╭─ Exercise materials

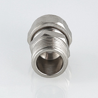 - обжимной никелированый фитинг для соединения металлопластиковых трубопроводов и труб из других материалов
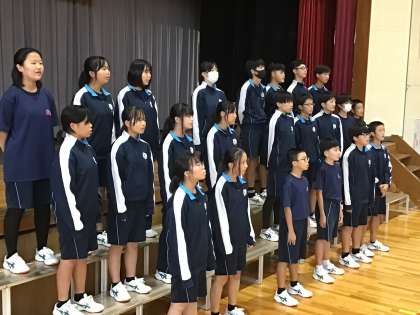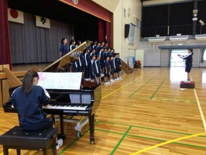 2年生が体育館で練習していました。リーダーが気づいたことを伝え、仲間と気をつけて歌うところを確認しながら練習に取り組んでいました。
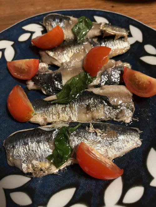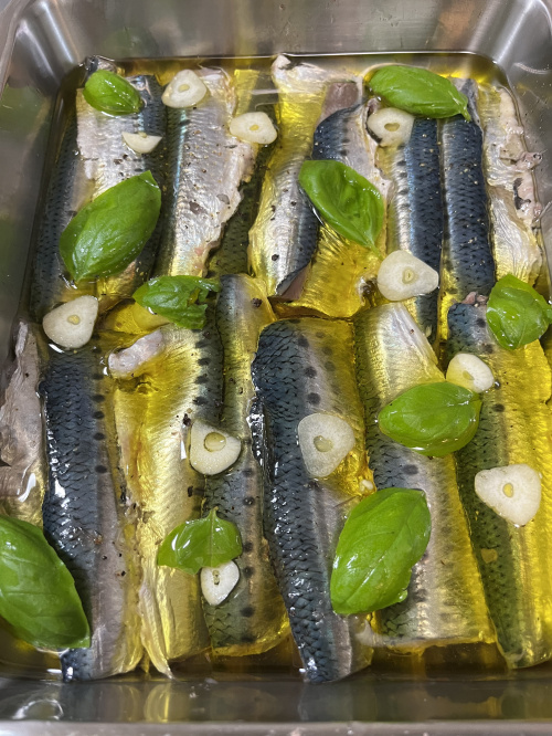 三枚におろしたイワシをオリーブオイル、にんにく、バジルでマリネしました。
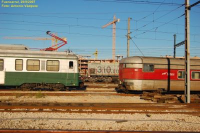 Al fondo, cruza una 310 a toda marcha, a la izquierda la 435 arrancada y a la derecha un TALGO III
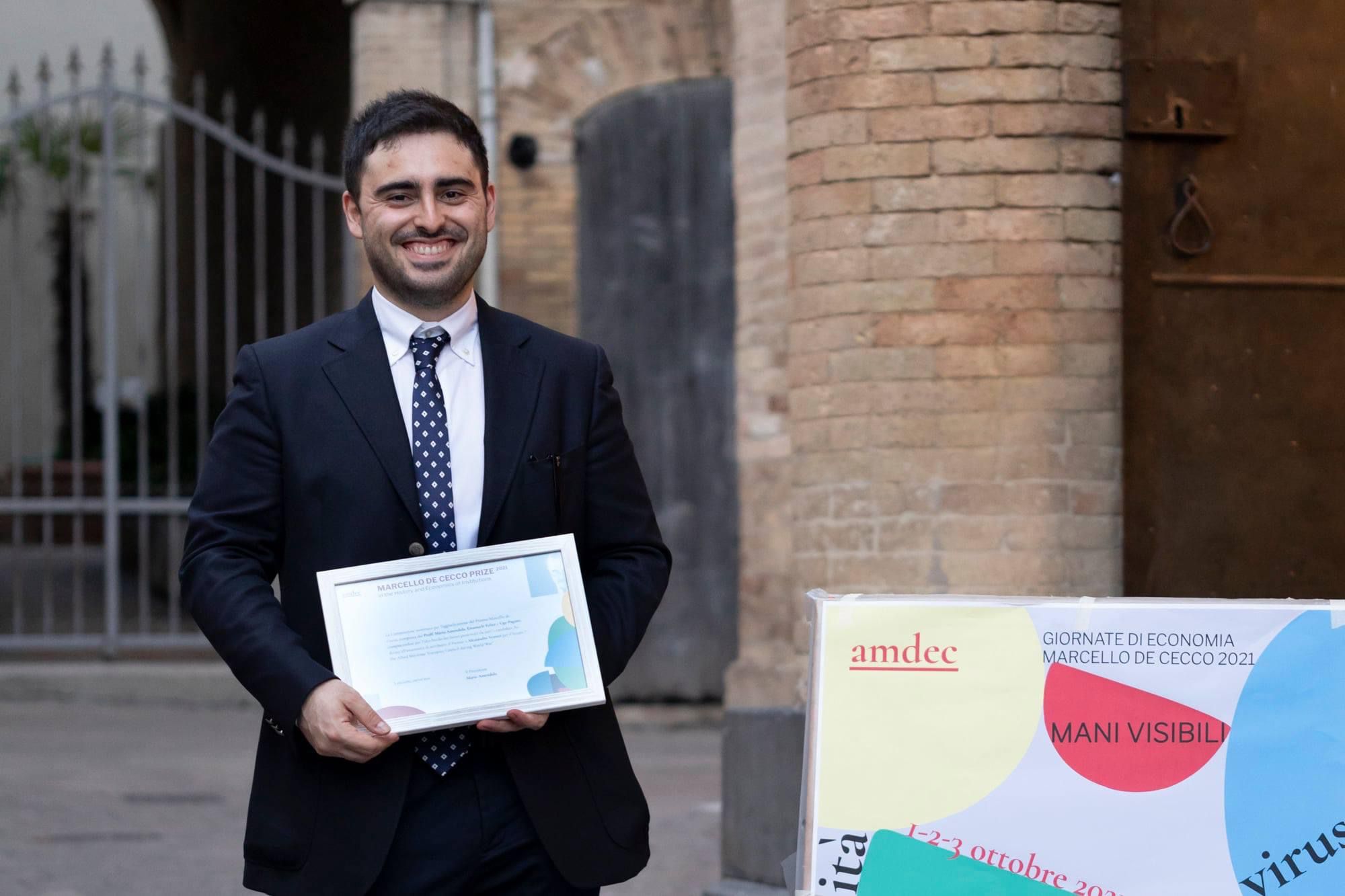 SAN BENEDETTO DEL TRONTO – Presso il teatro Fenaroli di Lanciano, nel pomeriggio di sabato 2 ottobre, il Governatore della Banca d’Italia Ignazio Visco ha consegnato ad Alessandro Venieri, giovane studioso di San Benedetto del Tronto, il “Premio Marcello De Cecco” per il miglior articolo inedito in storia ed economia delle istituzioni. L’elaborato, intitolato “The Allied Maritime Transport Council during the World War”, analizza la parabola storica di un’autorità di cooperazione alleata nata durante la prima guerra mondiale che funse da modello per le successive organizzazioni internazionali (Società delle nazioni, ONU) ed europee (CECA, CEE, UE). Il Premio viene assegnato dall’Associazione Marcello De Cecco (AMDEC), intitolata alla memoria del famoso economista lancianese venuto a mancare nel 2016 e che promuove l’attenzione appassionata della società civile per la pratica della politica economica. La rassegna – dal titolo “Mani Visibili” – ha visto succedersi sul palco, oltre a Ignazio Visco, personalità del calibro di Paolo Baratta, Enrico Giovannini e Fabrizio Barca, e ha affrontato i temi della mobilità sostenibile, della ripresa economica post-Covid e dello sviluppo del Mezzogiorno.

╰─

> [Exercise directions] Print every entry exactly as written, without the pictures.

> [Solution to the problem]
 - обжимной никелированый фитинг для соединения металлопластиковых трубопроводов и труб из других материалов
 2年生が体育館で練習していました。リーダーが気づいたことを伝え、仲間と気をつけて歌うところを確認しながら練習に取り組んでいました。
 三枚におろしたイワシをオリーブオイル、にんにく、バジルでマリネしました。
 Al fondo, cruza una 310 a toda marcha, a la izquierda la 435 arrancada y a la derecha un TALGO III
 SAN BENEDETTO DEL TRONTO – Presso il teatro Fenaroli di Lanciano, nel pomeriggio di sabato 2 ottobre, il Governatore della Banca d’Italia Ignazio Visco ha consegnato ad Alessandro Venieri, giovane studioso di San Benedetto del Tronto, il “Premio Marcello De Cecco” per il miglior articolo inedito in storia ed economia delle istituzioni. L’elaborato, intitolato “The Allied Maritime Transport Council during the World War”, analizza la parabola storica di un’autorità di cooperazione alleata nata durante la prima guerra mondiale che funse da modello per le successive organizzazioni internazionali (Società delle nazioni, ONU) ed europee (CECA, CEE, UE). Il Premio viene assegnato dall’Associazione Marcello De Cecco (AMDEC), intitolata alla memoria del famoso economista lancianese venuto a mancare nel 2016 e che promuove l’attenzione appassionata della società civile per la pratica della politica economica. La rassegna – dal titolo “Mani Visibili” – ha visto succedersi sul palco, oltre a Ignazio Visco, personalità del calibro di Paolo Baratta, Enrico Giovannini e Fabrizio Barca, e ha affrontato i temi della mobilità sostenibile, della ripresa economica post-Covid e dello sviluppo del Mezzogiorno.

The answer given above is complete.